These studies were not included in the meta-analysis for incomplete data.

AB, attentional bias; ABM, attentional bias modification; ABV, attentional bias variability; ACT, attention control training; CAPS, the clinician-administered PTSD scale; EST, the emotional Stroop task; PCL, the PTSD Checklist; PTSD, post-traumatic stress disorder; SRIP, the Self-Rating Inventory for Post-traumatic Stress Disorder.

Data extraction

Data on the following variables were collected: author, year of publication, characteristics of participants (age, gender, trauma types), treatment conditions, type of trauma, number of sessions, training materials, number of participants, and primary outcome measures (see Table 1).
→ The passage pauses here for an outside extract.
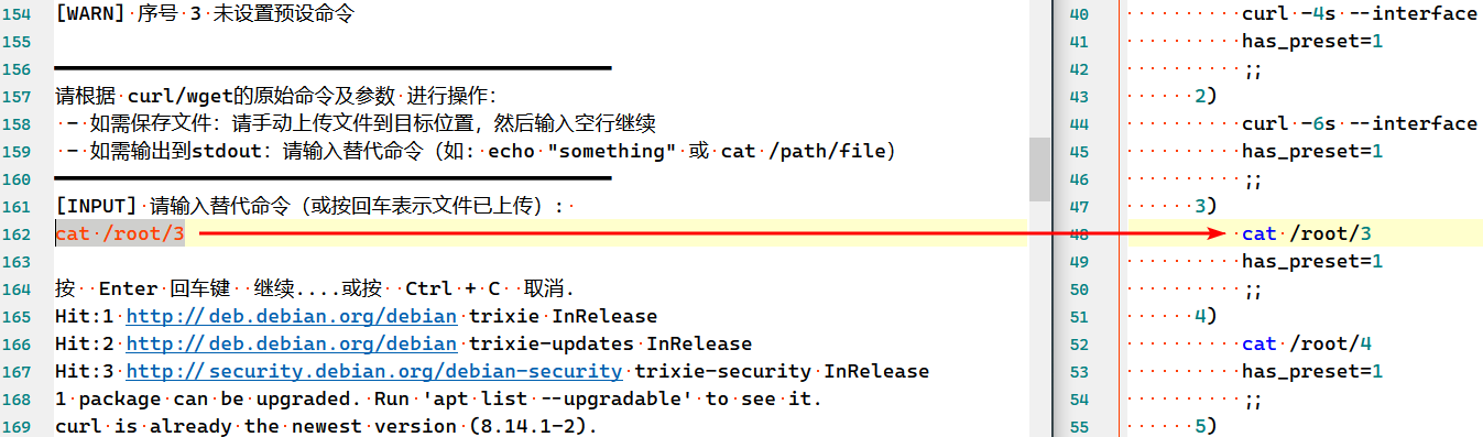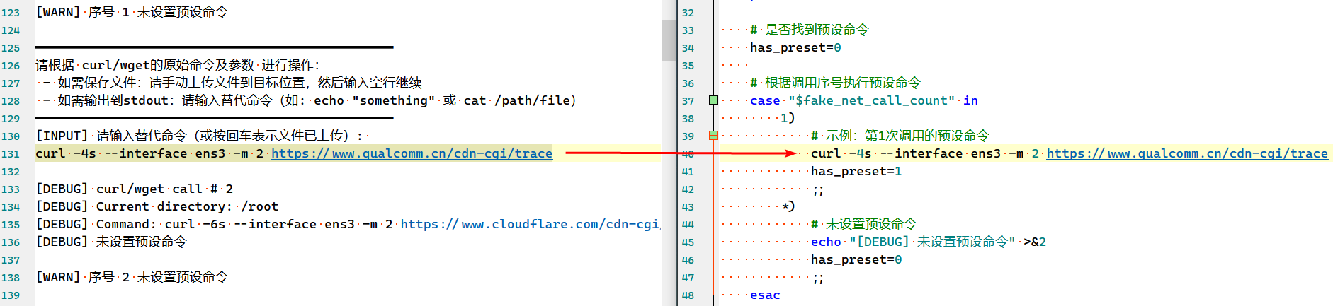 检查了一下, 是因为在 case 1) 的里面写了 curl. 这里并没有使用系统原本的curl, 而是调用了假的curl.

Among the k = 8 ABM versus ACT studies, k = 6 studies provided complete data and were analyzed. Follow-up data were not included, because only one study reported follow-up data.²³ Dependent variables were classified as PTSD, AB, and ABV. Each study’s characteristics were extracted by one author (F.Z.) and checked independently by a second author (C.H.).
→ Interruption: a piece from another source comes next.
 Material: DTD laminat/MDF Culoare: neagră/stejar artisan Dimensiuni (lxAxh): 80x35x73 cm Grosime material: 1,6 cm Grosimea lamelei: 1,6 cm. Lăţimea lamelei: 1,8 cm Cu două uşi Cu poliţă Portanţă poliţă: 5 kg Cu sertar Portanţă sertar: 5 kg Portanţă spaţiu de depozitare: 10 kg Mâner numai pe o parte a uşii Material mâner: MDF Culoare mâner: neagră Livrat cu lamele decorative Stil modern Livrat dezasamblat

Assessment of outcome variables

The current meta-analysis mainly focused on the efficacy of ABM training on three outcome variables: PTSD, AB, and ABV. PTSD severity was generally assessed by self-report scales like the clinician-administered PTSD scale (CAPS), the Self-Rating Inventory for Post-traumatic Stress Disorder (SRIP), the PTSD Checklist (PCL), etc. If PTSD severity was measured by more than one instrument, the primary outcome index was employed. Across studies, AB and ABV were both typically assessed through the dot-probe paradigm. In this paradigm, a pair of stimuli with one threatening stimulus (e.g. an angry face) and one neutral stimulus (e.g. a neutral face) showed first, and after they disappeared, a probe would occur in the same location as either the threatening stimulus (threat trials) or the neutral stimulus (neutral trials). AB was calculated for each participant as the differences between the mean RT on threat-incongruent trials (i.e. the probe appeared in the location previously occupied by the neutral stimulus) and mean RT on threat-congruent trials (i.e. the probe appeared in the location previously occupied by the threatening stimulus). Thus, the positive value of AB indicated an AB toward threats. In the current included studies, ABV was generally calculated following Naim et al.’s steps.²⁴ First, mean RTs for 10 successive neutral trial blocks and 10 successive threat trial blocks were calculated. Then, a series of bias indexes were calculated by subtracting the ﬁrst threat block average from the ﬁrst neutral block average, the second threat block average from the second neutral block, etc. After that, the standard deviation of these successive bias scores was then calculated and divided by the participant’s mean overall RT.

Quality assessment

To determine the quality of reporting and the presence of methodological bias, a systematic quality assessment was performed according to the seven criteria of the ‘Risk of Bias’ assessment tool developed by the Cochrane Collaboration. Two reviewers (C.H. and F.Z.) independently assessed the articles and any disagreements were resolved through discussion. Based on the seven criteria in Cochrane Collaboration’s tool: random sequence generation; allocation concealment; blinding of participants and personnel; blinding of outcome assessment; incomplete outcome data; selective reporting and other bias; the risk of each study was assessed as ‘low’, ‘high’, or ‘unclear’.

Meta-analysis

Meta-analyses were conducted with Review Manager 5.4 and MetaXL.²⁵ Due to the expected heterogeneity of these studies, the random effect models were used with standardized mean differences applied to measure the effect with 95% confidence intervals (95% CIs).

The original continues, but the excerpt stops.